1. Matching Relationship Between Operating Speed and Magnetic Field

• Synchronous motors: The rotor speed is always completely consistent with the speed of the stator rotating magnetic field, which is called “synchronous operation”. Their rotors either have built-in permanent magnets or generate a fixed magnetic field by passing direct current through the excitation winding. After the stator rotating magnetic field is formed, it will pull the rotor to rotate synchronously like “a magnet attracting iron”, with no speed deviation.
• Asynchronous motors: The rotor speed is always lower than the speed of the stator rotating magnetic field, resulting in a “speed difference” (this is the origin of the name “asynchronous”). Their rotors do not have an independent magnetic field; instead, they rely on the stator magnetic field to cut the rotor conductors to generate an induced current, which in turn forms a rotor magnetic field. Only when the rotor speed is slower than the stator magnetic field can the continuous cutting of conductors by the magnetic field be ensured, maintaining the induced current and rotor rotation. Therefore, the speed difference is a necessary condition for the operation of asynchronous motors.
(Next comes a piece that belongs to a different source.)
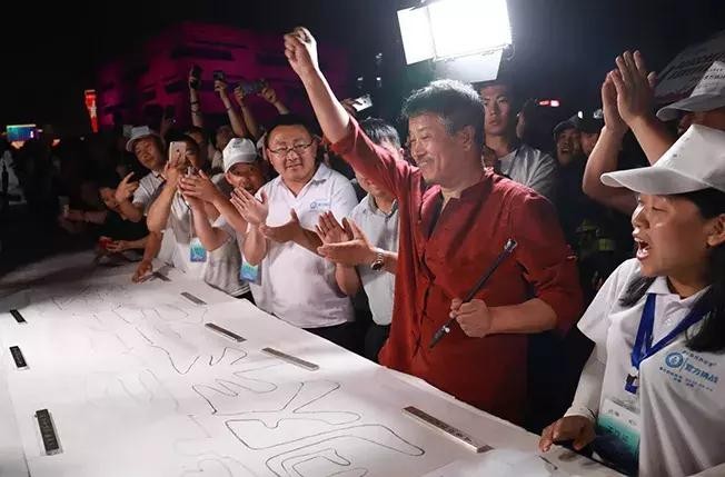 “作者连续15小时20分钟书写了面积为814.269平方米的一笔空心字,打破了之前705平方米的世界纪录!”23日晚,随着吉尼斯认证官的现场认证,山西岚县57岁的杨拴明挑战吉尼斯世界纪录获得成功,为即将在山西举办的第二届全国青年运动会献上一份厚礼。
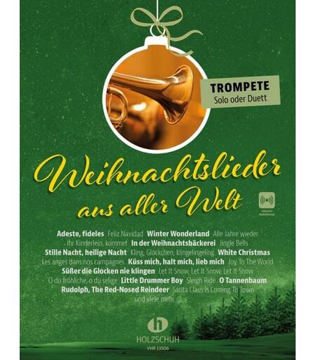 31 Weihnachtslieder bearbeitet für 1-2 Trompeten in leichtem bis mittlerem Schwierigkeitsgrad. Ideal für den Musikunterricht und das häusliche Musizieren. Neben den traditionellen Weihnachtsliedern sind auch die deutschen Hits „In der Weihnachtsbäckerei“ und „Küss mich, halt mich, lieb mich“ sowie internationale Titel enthalten, wie z. B.: „White Christmas“; „Rudolph; The Red-Nosed Reindeer“; „Feliz Navidad“; „Sleigh Ride“; „Les anges dans nos campagnes“; „Winter Wonderland“; „Santa Claus Is Coming To Town“; „Little Drummer Boy“; „Let It Snow, Let It Snow, Let It Snow“ … Aufnahmen aller Lieder sind als Hörversionen und Play-alongs auf den gängigen Streaming-Plattformen verfügbar (z. B. Spotify). Alle Ausgaben der Serie „Weihnachtslieder aus aller Welt“ sind kompatibel (Ausnahme: Gitarre solo) und bestens geeignet für das Zusammenspiel. Eine Klavierbegleitung (VHR 13519) ist separat erhältlich. Inhalt: Aba heidschi bumbeidschi - Adeste, fideles (Herbei, o ihr Gläubigen) - Alle Jahre wieder - Deck The Halls - Es ist ein Ros‘ entsprungen - Es wird scho glei dumpa - Feliz Navidad - Ihr Kinderlein, kommet - In der Weihnachtsbäckerei - Jingle Bells - Joy To The World - Kling, Glöckchen, klingelingeling - Kommet, ihr Hirten - Küss mich, halt mich, lieb mich - Lasst uns froh und munter sein - Leise rieselt der Schnee - Les anges dans nos campagnes - Let It Snow, Let It Snow, Let It Snow - Little Drummer Boy - Morgen kommt der Weihnachtsmann - O du fröhliche, o du selige - O Little Town Of Bethlehem - O Tannenbaum - Rudolph, The Red-Nosed Reindeer - Santa Claus Is Coming To Town - Sleigh Ride - Stille Nacht, heilige Nacht - Süßer die Glocken nie klingen - We Wish You A Merry Christmas - White Christmas - Winter Wonderland ...

2. Starting Performance and Torque Characteristics

• Synchronous motors: They have the problem of “difficult starting”. Since the rotor magnetic field is fixed, the speed of the stator rotating magnetic field is extremely high at the moment of starting, and the rotor cannot keep up immediately due to inertia, easily causing “loss of synchronization” (i.e., the rotor cannot be pulled to rotate by the magnetic field). Therefore, they cannot be started by directly energizing. Usually, auxiliary devices (such as a small asynchronous starting winding) are needed to first rotate the rotor to a speed close to the synchronous speed, and then excite current is applied to complete “pull-in synchronization”. Additionally, their starting torque is small, making it difficult to drive heavy loads for starting.
• Asynchronous motors: They are easy to start and have more flexible torque characteristics. No auxiliary devices are required; they can be started by directly energizing. During the starting process, the rotor speed gradually increases, and the speed difference gradually decreases. According to the different rotor structures, asynchronous motors can be divided into squirrel-cage type and wound-rotor type: Squirrel-cage motors have moderate starting torque and are suitable for light-load scenarios (such as fans); Wound-rotor motors can increase the starting torque by connecting resistors in series in the rotor circuit, which can meet the starting requirements of heavy loads (such as cranes).

3. Efficiency and Power Factor Adjustment Capability

• Synchronous motors: They have higher efficiency and can adjust the power factor. Since the speed is always synchronous, there is no “slip loss” (one of the main losses of asynchronous motors) caused by the speed difference. Less energy is wasted during long-term operation, and the efficiency advantage is more obvious in high-capacity equipment (such as large generators and industrial compressors). In addition, the power factor of synchronous motors can be controlled by adjusting the excitation current. When the excitation current is sufficient, the motor can output reactive power to the power grid, improving the power factor of the power grid (asynchronous motors cannot do this). Therefore, they are often used as “synchronous condensers” to stabilize the power grid voltage.
• Asynchronous motors: They have relatively lower efficiency and fixed power factor. Due to the existence of slip loss, especially during light-load operation, the efficiency will decrease significantly (for example, the efficiency is close to zero when no-load). At the same time, their power factor is always lagging (i.e., they need to absorb reactive power from the power grid to establish a magnetic field) and cannot be actively adjusted. Large-scale use may lead to a decrease in the power grid power factor and an increase in power grid losses.

4. Differences in Application Scenarios

• Synchronous motors: They are more suitable for scenarios with high requirements for speed accuracy, efficiency, and power grid stability:
  1. Power generation field: All large generators (such as thermal and hydroelectric generators) are synchronous motors, because they can ensure stable speed and output electrical energy with a constant frequency (the frequency of China’s power grid is fixed at 50Hz, which needs to be realized by relying on synchronous motors).
  2. Industrial heavy-load equipment: Large industrial compressors, water pumps, ball mills, etc., use their high efficiency and stable speed to reduce long-term operating costs.
  3. Power grid regulation: Used as synchronous condensers to improve the power grid power factor and alleviate the problem of insufficient reactive power in the power grid.
• Asynchronous motors: Due to their simple structure, low cost, and convenient maintenance, they have become the mainstream choice in civil and small-to-medium-sized industrial scenarios:
  1. Civil equipment: Household appliances (such as air conditioners, washing machines, electric fans) and small water pumps all use squirrel-cage asynchronous motors to meet daily light-load needs.
  2. Small-to-medium-sized industrial equipment: Machine tool spindles, conveyor belts, blowers, etc., do not require extremely high accuracy and efficiency, so the cost-effectiveness advantage of asynchronous motors is more prominent.
  3. Heavy-load starting scenarios: Wound-rotor asynchronous motors are used in equipment such as cranes and hoists, where the starting torque is adjusted by modifying the rotor resistance.